The law targets companies whose business models rely on rapid product turnover, large-scale inventory volumes, and low-price merchandise cycles. Under the legislation, ultra-fast fashion companies will face environmental penalties on products sold in France, with fees beginning at €0.25 per item and increasing progressively over the coming years, potentially reaching up to €10 per product by 2030. The penalties will be capped at 50% of a product’s pre-tax selling price, with proceeds directed toward textile recycling and repair initiatives.
In addition to financial penalties, the legislation prohibits advertising by ultra-fast fashion brands, including influencer marketing partnerships, and requires affected companies to display messaging encouraging consumers to repair, reuse, and recycle garments. French lawmakers have framed the measure as both an environmental initiative and an effort to address competitive imbalances arising from international e-commerce platforms operating outside traditional European regulatory frameworks.
The legislation stops short of targeting traditional European fast fashion retailers such as Zara and H&M, instead focusing on companies characterized by exceptionally high product volumes and accelerated merchandise cycles.

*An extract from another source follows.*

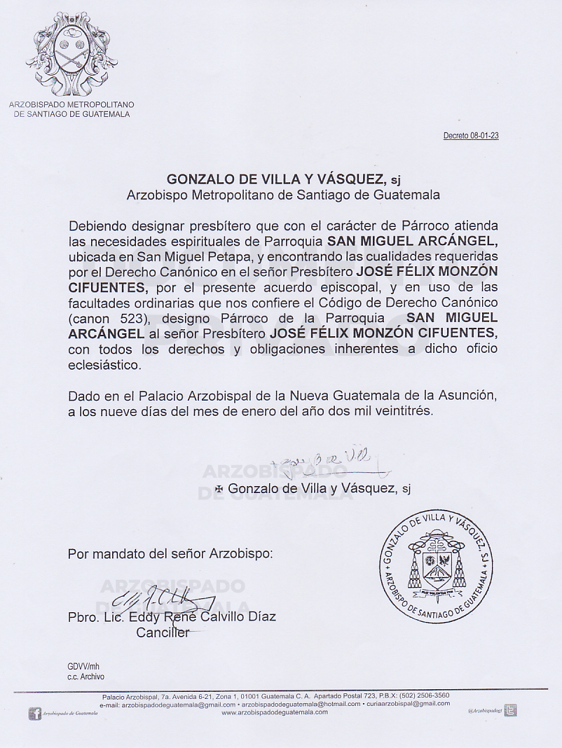 El señor Arzobispo de la Arquidiócesis de Santiago de Guatemala, nombra Párroco de la Parroquia SAN MIGUEL ARCÁNGEL ubicada en San Miguel Petapa, al señor presbítero JOSÉ FÉLIX MONZÓN CIFUENTES. DECRETO 08-01-2023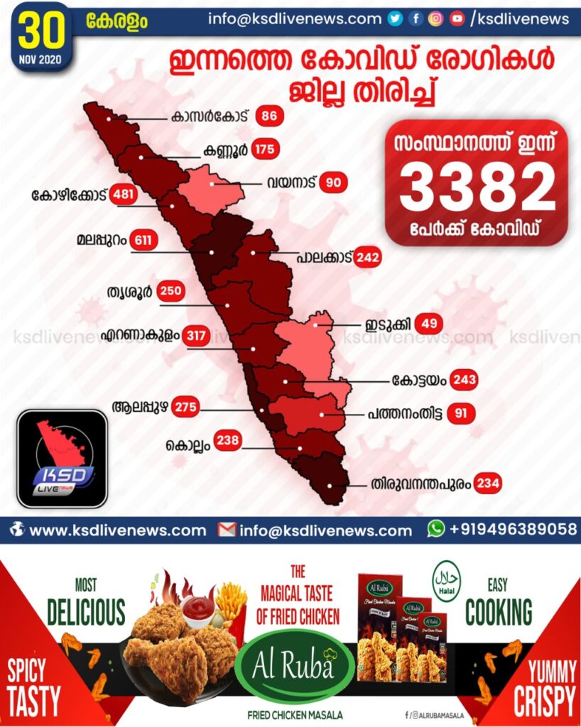തിരുവനന്തപുരം:തിരുവനന്തപുരം: കേരളത്തില് ഇന്ന് 3382 പേര്ക്ക് കോവിഡ്-19 സ്ഥിരീകരിച്ചതായി മുഖ്യമന്ത്രി പിണറായി വിജയന്. മലപ്പുറം 611, കോഴിക്കോട് 481, എറണാകുളം 317, ആലപ്പുഴ 275, തൃശൂര് 250, കോട്ടയം 243, പാലക്കാട് 242, കൊല്ലം 238, തിരുവനന്തപുരം 234, കണ്ണൂര് 175, പത്തനംതിട്ട 91, വയനാട് 90, കാസര്ഗോഡ് 86, ഇടുക്കി 49 എന്നിങ്ങനേയാണ് ജില്ലകളില് ഇന്ന് രോഗ ബാധ സ്ഥിരീകരിച്ചത്.

The distinction has prompted debate among both policymakers and industry observers, with critics arguing that broader segments of the fashion industry also contribute significantly to textile waste and overconsumption.
France’s move signals a growing willingness among governments to regulate fashion through environmental policy rather than voluntary corporate commitments. As the European Union continues to evaluate broader textile sustainability measures, the French legislation may serve as a blueprint for future regulatory efforts aimed at reshaping how fashion is produced, marketed, and consumed globally.